TASK GOAL - Please copy, exactly as they appear below, the lines from the one containing "Winter 2020 new" through the one containing "2、在个人界面中,找到业务入口板块,点击其中的认证企业选项,进入企业认证页面。".
(INFORMATION SUPPLIED Opens)
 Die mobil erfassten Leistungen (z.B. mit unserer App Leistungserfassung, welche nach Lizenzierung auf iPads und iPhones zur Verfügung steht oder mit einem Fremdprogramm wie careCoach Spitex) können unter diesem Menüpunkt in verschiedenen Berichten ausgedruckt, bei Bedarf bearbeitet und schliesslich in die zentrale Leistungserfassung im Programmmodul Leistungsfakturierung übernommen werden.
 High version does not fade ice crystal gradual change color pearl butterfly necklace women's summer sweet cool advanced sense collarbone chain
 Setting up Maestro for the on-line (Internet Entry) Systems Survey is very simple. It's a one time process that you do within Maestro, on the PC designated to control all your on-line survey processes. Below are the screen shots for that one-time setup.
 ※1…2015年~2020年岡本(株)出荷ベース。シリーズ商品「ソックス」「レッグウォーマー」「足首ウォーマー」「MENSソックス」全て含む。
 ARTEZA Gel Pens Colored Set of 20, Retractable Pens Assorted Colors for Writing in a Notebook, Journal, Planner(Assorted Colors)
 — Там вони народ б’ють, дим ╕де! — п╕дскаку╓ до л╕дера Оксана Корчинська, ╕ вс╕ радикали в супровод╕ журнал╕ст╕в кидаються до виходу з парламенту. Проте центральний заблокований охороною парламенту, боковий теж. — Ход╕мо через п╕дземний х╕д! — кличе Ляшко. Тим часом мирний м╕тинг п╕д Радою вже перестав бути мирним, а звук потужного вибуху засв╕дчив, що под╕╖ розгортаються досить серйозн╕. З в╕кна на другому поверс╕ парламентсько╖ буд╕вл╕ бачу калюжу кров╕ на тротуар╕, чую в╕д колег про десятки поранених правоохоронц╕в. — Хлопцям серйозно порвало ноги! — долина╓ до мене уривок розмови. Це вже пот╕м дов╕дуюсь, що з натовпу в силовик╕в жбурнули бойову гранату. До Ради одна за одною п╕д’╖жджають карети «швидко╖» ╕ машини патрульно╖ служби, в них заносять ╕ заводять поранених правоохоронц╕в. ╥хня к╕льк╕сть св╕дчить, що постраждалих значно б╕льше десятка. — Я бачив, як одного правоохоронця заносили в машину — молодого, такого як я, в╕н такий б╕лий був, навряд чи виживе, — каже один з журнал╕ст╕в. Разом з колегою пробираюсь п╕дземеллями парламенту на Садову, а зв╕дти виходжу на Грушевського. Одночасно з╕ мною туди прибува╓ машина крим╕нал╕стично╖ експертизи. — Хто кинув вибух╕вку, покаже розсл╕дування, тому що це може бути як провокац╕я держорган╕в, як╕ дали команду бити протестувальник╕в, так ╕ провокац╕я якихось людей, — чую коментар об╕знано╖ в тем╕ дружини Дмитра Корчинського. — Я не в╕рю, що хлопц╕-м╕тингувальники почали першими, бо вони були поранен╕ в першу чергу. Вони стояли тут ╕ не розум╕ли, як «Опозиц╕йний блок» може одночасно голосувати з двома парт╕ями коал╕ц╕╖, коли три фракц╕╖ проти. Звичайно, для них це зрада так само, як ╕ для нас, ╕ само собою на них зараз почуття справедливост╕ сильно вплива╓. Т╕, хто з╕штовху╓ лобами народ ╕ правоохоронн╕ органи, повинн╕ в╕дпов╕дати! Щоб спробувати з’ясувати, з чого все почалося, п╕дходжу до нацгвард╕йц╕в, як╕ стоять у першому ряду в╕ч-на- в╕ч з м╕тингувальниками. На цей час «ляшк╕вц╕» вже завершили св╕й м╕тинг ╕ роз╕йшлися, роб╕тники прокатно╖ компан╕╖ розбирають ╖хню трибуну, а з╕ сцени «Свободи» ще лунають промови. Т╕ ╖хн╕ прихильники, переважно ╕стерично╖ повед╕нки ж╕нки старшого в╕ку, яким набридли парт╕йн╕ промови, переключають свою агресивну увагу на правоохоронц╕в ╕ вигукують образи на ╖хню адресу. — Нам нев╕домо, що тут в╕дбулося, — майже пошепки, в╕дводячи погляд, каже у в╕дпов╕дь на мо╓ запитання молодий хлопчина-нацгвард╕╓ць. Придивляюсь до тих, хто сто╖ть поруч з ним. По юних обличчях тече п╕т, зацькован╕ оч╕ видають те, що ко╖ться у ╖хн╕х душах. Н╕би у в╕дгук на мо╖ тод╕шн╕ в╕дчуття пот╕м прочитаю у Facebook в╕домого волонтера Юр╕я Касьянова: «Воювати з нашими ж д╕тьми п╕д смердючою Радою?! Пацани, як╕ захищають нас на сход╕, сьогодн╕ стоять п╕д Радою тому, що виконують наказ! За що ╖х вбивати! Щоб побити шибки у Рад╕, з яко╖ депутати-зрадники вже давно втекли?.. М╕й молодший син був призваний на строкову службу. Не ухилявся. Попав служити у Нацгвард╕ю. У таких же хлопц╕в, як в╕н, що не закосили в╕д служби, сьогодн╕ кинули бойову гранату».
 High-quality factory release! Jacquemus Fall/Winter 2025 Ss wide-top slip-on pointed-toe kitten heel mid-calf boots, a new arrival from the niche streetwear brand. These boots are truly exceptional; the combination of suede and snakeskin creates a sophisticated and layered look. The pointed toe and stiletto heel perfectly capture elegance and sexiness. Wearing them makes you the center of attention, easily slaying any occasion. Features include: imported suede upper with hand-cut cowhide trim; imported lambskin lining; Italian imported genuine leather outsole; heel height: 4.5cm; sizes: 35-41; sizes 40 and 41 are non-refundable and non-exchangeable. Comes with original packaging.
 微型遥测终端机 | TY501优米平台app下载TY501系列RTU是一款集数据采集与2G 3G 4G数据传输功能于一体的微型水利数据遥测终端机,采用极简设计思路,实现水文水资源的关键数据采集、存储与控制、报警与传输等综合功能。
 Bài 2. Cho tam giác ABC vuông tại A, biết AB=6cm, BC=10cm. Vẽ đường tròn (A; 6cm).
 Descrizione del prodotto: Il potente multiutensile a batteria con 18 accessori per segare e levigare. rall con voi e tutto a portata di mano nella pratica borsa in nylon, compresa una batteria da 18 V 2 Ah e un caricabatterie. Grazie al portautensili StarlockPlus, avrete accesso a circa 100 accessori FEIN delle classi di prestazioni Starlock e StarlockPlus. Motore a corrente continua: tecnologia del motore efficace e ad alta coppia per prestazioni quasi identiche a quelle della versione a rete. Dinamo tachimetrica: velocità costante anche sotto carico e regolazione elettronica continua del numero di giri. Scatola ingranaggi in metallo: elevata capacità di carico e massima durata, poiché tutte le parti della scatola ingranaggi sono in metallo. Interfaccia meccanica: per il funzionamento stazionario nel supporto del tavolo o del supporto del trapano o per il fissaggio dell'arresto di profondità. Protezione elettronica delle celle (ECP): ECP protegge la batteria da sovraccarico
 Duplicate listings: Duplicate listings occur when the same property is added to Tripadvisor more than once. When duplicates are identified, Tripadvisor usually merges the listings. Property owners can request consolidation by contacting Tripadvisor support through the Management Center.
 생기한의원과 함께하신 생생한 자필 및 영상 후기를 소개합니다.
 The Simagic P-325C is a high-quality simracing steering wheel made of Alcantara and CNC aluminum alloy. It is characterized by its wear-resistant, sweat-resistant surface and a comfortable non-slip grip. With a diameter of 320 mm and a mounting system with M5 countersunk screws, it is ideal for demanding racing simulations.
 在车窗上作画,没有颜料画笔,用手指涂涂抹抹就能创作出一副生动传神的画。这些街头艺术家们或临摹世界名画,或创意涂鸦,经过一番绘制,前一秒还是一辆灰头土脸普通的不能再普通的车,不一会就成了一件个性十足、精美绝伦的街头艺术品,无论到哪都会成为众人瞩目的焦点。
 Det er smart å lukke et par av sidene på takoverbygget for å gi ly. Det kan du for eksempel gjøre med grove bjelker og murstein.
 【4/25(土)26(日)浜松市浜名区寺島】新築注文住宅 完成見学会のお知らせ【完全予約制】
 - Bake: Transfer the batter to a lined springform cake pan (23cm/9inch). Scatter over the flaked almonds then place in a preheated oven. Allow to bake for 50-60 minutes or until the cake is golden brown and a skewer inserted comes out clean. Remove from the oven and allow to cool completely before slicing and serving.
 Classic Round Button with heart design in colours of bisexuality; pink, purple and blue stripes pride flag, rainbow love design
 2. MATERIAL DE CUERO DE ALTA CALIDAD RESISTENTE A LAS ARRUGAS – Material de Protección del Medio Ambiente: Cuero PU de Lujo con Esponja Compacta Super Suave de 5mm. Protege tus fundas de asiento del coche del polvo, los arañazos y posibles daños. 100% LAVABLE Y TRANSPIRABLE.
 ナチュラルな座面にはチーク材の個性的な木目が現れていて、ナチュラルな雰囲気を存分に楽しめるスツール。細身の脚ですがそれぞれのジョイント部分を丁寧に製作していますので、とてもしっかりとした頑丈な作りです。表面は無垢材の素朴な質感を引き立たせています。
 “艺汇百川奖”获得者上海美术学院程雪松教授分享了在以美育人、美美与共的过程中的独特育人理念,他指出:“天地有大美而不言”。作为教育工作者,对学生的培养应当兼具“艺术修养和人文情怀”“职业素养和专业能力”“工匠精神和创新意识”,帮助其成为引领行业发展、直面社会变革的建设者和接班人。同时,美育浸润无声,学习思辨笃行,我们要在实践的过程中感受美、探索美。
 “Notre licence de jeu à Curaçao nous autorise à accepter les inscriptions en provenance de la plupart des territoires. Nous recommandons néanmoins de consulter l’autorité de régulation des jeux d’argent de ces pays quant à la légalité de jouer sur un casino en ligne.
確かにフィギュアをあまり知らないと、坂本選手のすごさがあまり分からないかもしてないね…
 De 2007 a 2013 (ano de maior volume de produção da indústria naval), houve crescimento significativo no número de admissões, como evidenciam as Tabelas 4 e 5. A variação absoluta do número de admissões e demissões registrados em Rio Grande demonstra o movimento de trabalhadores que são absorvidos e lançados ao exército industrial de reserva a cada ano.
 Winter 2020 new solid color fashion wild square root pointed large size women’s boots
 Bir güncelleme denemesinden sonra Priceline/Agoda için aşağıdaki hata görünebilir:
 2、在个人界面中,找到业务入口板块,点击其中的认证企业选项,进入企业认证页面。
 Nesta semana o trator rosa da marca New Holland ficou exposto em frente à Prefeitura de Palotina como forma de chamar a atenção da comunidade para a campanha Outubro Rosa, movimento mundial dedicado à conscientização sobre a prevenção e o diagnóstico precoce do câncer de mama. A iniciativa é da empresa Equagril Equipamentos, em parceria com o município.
(INFORMATION SUPPLIED Closes)
EXERCISE ANSWER -
 Winter 2020 new solid color fashion wild square root pointed large size women’s boots
 Bir güncelleme denemesinden sonra Priceline/Agoda için aşağıdaki hata görünebilir:
 2、在个人界面中,找到业务入口板块,点击其中的认证企业选项,进入企业认证页面。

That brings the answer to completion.